A friend and teammate of mine from Denison came down to Columbus to visit for a few days last week. We picked up right where we left off when I said goodbye to her in May and spent every minute in each other’s company. I showed her all of my favorite spots in town and it wasn’t long before we ended up goofing around in the Olentangy River, something she deemed spontaneous and fun. She told me all about her longing for our antics when she was at home away from campus, and ended her exclamation about our friendship with “You’re just so confident in who you are, it’s so nice to be around.”
This isn’t the first time I’ve heard someone tell me that they notice my self-confidence, which I found incredibly confusing at first. Looking back on my life, I tried to determine what parts of my identity were equivalent to appearing confident. I was a boisterous and dangerously curious child that loved to be the center of attention. I became more introverted during the first few years of young adolescence, but slowly came back to my spontaneous and self-expressive roots as a young woman. Despite my outgoing personality, which helps express confidence, there is not a day that goes by where I don’t grapple with doubt and insecurities. I actually believe I struggle with insecurity more than the average person because I’m so intuitive. I can feel slight tension in a room, accurately guess how people are feeling based on their speech and gestures, and read into social cues and situations with ease. I think this came from those few years of heightened social anxiety during middle school and early high school, where I would watch others and their interactions with each other instead of engaging. I learned a lot just from watching, which improved my comfort with speaking to others and my ability to make friends or acquaintances.
Being hyper-aware of social cues and tension is hard because of the pressure that accompanies it. With every conversation comes a need to seem relaxed but not disinterested, interesting enough to not be boring but not too interesting to the point of being strange, and funny enough to be charming but not offensive. Social interactions are broken down to a science in my head, and with it comes my insecurities about myself. My thoughts of self-doubt repeat every time I meet someone new. Ranging from my appearance to my expression of self through conversation, I am always doubting my ability to be likeable. This silent insecurity doesn't sound like self-confidence to me, which makes others’ declarations of my apparent confidence very confusing.

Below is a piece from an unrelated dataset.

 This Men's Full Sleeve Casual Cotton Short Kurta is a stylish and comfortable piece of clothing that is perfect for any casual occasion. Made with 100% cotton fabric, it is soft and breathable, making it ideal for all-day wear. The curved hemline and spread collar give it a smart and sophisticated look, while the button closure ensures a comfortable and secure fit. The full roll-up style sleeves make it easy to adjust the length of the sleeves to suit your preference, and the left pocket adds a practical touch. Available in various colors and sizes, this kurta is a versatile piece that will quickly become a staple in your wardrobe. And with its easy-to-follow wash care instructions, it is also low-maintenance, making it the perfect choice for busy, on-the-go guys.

I like to make the assumption that the breakdown of social interaction is a pretty common thing, and I believe a lot of people go through similar thought processes. Knowing this is what gives me the strength to express myself, accompanied by my acceptance of the fact that there are people in the world who simply aren’t going to like me. Keeping this in mind is what allows me to express myself in the way that I do. When I compare my social awareness with the social awareness of people I am interacting with, I remember that others are probably internally stressing alongside me, or have already made assumptions about me as a person. The people I meet and talk to on a daily basis could be thinking a variety of things when they engage with me socially, but their perception of me has little to do with my individuality. My ability to accomplish things I’m excited or passionate about is completely personal, and anyone who doesn’t wish to get to know me is truly not worth my time. What good do I have for people that don’t want to contribute to my happiness or support me in my ambitions?

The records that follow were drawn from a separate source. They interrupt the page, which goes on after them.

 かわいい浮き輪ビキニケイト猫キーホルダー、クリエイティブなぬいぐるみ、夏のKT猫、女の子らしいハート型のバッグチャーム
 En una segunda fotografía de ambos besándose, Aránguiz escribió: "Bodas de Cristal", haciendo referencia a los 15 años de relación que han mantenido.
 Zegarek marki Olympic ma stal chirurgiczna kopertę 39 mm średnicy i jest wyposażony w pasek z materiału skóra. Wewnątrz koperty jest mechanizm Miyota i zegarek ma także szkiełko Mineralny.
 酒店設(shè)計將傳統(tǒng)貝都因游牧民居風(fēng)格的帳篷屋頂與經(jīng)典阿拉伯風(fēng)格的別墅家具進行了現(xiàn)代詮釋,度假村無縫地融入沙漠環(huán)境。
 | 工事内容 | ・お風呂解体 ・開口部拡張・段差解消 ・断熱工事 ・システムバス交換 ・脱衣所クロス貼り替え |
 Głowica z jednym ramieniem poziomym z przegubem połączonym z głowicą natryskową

For me, confidence is knowing that you can’t change your inherent personality traits and accepting them for what they are. It’s looking at yourself in the mirror and acknowledging your flaws without the desire to change them. It’s saying what you want to say and believing what you want to believe without wavering. Just writing these articles makes me nervous because of the variety of opinions people could have about me just from reading them. Sometimes I ask myself why I even write them. Despite my discomfort, it’s something I enjoy. Everything I write about I believe in. I was given the opportunity to share my thoughts with other people, and while it makes me self-conscious, it brings me joy. So why wouldn’t I?